# Section: Federated Learning

# Lesson: Introducing Federated Learning

Federated Learning is a technique for training Deep Learning models on data to which you do not have access. Basically:

Federated Learning: Instead of bringing all the data to one machine and training a model, we bring the model to the data, train it locally, and merely upload "model updates" to a central server.

Use Cases:

    - app company (Texting prediction app)
    - predictive maintenance (automobiles / industrial engines)
    - wearable medical devices
    - ad blockers / autotomplete in browsers (Firefox/Brave)
    
Challenge Description: data is distributed amongst sources but we cannot aggregated it because of:

    - privacy concerns: legal, user discomfort, competitive dynamics
    - engineering: the bandwidth/storage requirements of aggregating the larger dataset

# Lesson: Introducing / Installing PySyft

In order to perform Federated Learning, we need to be able to use Deep Learning techniques on remote machines. This will require a new set of tools. Specifically, we will use an extensin of PyTorch called PySyft.

### Install PySyft

To begin, you'll need to make sure you have the right things installed. To do so, head on over to PySyft's readme and follow the setup instructions. TLDR for most folks is.

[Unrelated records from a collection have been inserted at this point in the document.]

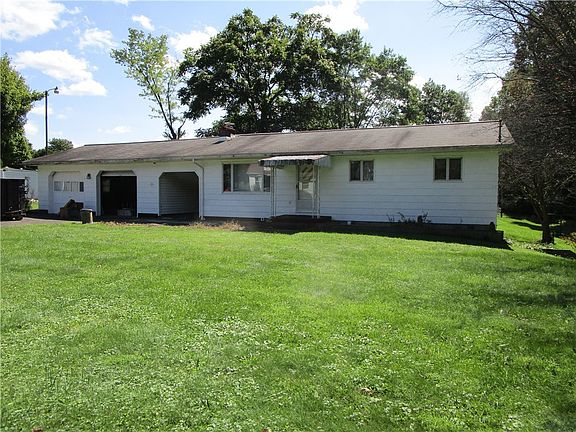 three bedroom ranch home with a two car attached garage 28 x 23 and a one car integral garage in lower level,plasted walls and hardwood floors ,first floor laundry 9x9 , lower level bath was a full bath ,the sink was removed, front porch 5x6, rear patio 13 x 10, horse barn 24 x 24 ,with some other old structures that need torn down ,appliances included ,freezer also, woodburner in lower level ,paved driveway,in the two of eldorado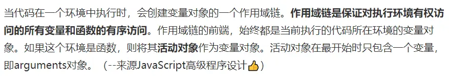 对外部环境的引用,意味着它可以访问其外部词法环境,如果在当前词法环境中找不到变量,则JavaScript引擎可以在外部环境中查找变量。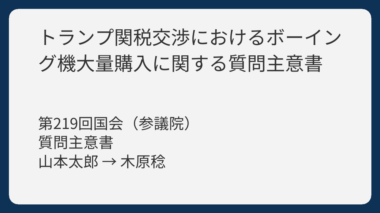 この質問主意書では、日本がアメリカとの交渉の中で、ボーイング社の飛行機を100機買うことになったというニュースについて、その背景や安全性、責任問題について山本太郎議員が質問しています。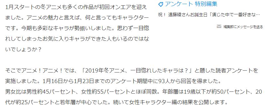 En celebración por la temporada anime invierno 2019 un portal japones realizo una encuesta a sus fans. La pregunta realizada fue «¿Cual fue el personaje que amaste a primera vista?«, del 16 al 23 de enero los fans pudieron responder a la pregunta.

- Install Python 3.5 or higher
- Install PyTorch 1.0.x
- Clone PySyft (git clone https://github.com/OpenMined/PySyft.git)
- cd PySyft
- pip install -r requirements.txt
- python setup.py install
- python setup.py test

If any part of this doesn't work for you (or any of the tests fail) - first check the [README](https://github.com/OpenMined/PySyft.git) for installation help and then open a Github Issue or ping the #beginner channel in our slack! [slack.openmined.org](http://slack.openmined.org/)

In [1]:
import torch as th
x = th.tensor([1,2,3,4,5])
y = x + x
print(y[0])

tensor(2)


In [2]:
# Run this cell to see if things work
import syft as sy
hook = sy.TorchHook(th) # always run this when you import syft

th.tensor([1,2,3,4,5])

tensor([1, 2, 3, 4, 5])

# Lesson: Basic Remote Execution in PySyft

## PySyft => Remote PyTorch

The essence of Federated Learning is the ability to train models in parallel on a wide number of machines. Thus, we need the ability to tell remote machines to execute the operations required for Deep Learning.

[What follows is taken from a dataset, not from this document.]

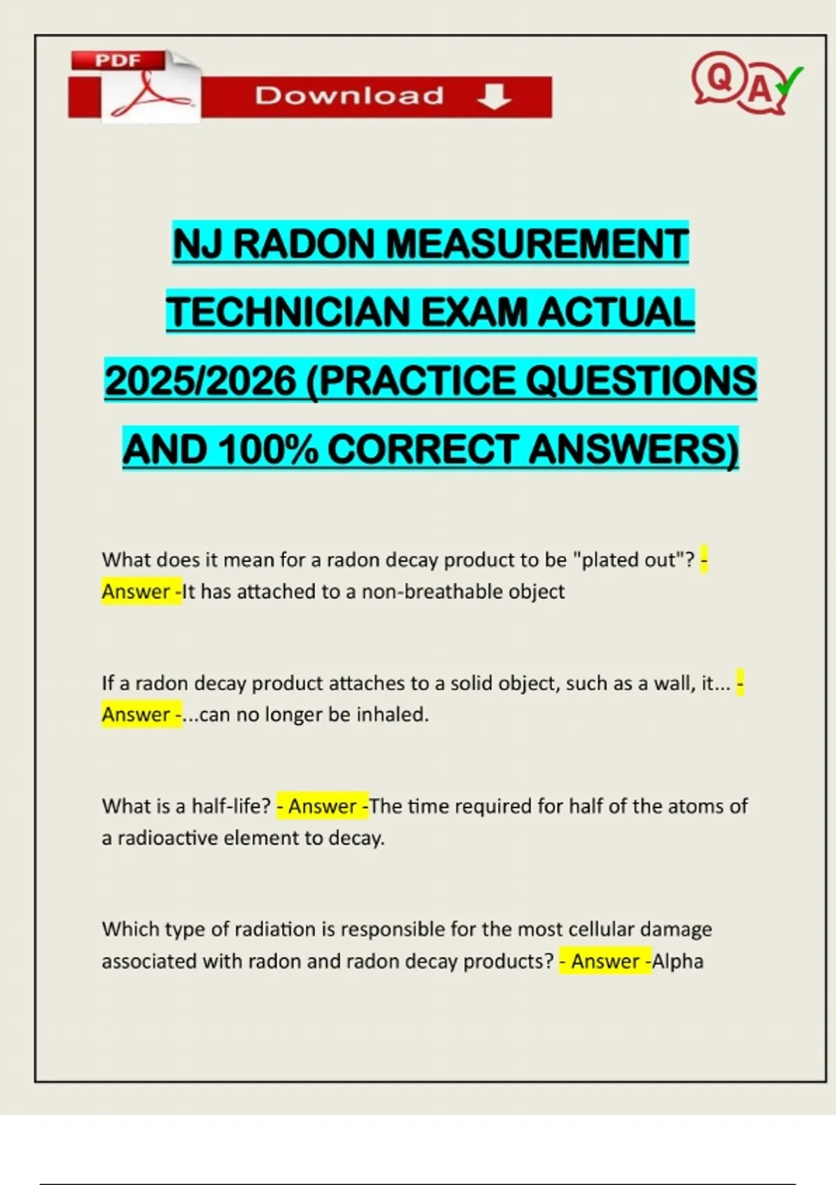 NJ RADON MEASUREMENT TECHNICIAN EXAM ACTUAL 2025/2026 (PRACTICE QUESTIONS AND 100% CORRECT ANSWERS) What does it mean for a radon decay product to be "plated out"? - Answer -It has attached to a non-breathable object If a radon decay product attaches to a solid object, such as a wall, it... - Answer -...can no longer be inhaled. What is a half-life? - Answer -The time required for half of the atoms of a radioactive element to decay. Which type of radiation is responsible for the most cellular damage associated with radon and radon decay products? - Answer -AlphaNeed assistance on Online classes, Exams & Assignments? Reach out for instant help!! Full Course Assistance, Plagiarism-free Essay Writing, Research Paper, Dissertation, Discussion Posts, etc…. Confidential & Secure services. Tutors are available for all subjects! Email now at: The negatively charged subatomic particle that orbits the nucleus is called a(n) - Answer -electron Radon decay products that are not attached to airborne particles are much more likely to... - Answer -deposit radiation into lung tissue if inhaled. The number of protons plus the number of neutrons in a specific atom is called - Answer -Mass number The number of protons in an atom's nucleus is the same as the atom

Thus, instead of using Torch tensors - we're now going to work with **pointers** to tensors. Let me show you what I mean. First, let's create a "pretend" machine owned by a "pretend" person - we'll call him Bob.

In [3]:
bob = sy.VirtualWorker(hook, id="bob")

For all intenstive purposes, Bob's machine is on another planet - perhaps on Mars! But, at the moment the machine is empty. Let's create some data so that we can send it to Bob and learn about pointers!

In [4]:
x = th.tensor([1,2,3,4,5])
y = th.tensor([1,1,1,1,1])

In [5]:
x_ptr = x.send(bob)
y_ptr = y.send(bob)

In [6]:
bob._objects

{1249604828: tensor([1, 2, 3, 4, 5]), 98808961428: tensor([1, 1, 1, 1, 1])}

In [7]:
x_ptr

(Wrapper)>[PointerTensor | me:90625541592 -> bob:1249604828]

Check out that metadata! 

- loc: bob
- id@loc: 41493900892
- owner: me

This metadata gives us the inforamtion we need to understand this tensor!

In [8]:
x_ptr.location

<VirtualWorker id:bob #tensors:2>

In [9]:
bob

<VirtualWorker id:bob #tensors:2>

In [10]:
bob == x_ptr.location

True

The "id@loc" parameter is similar. It tells us the id that the Tensor object on Bob's machine has (the one that we're pointing to). See?

In [11]:
x_ptr.id_at_location

1249604828

And finally - we have the third attribute "owner: me" which is very similar to ".location". However, instead of specifying where the pointer is pointing, it specifies the owner of the pointer itself, which is me. 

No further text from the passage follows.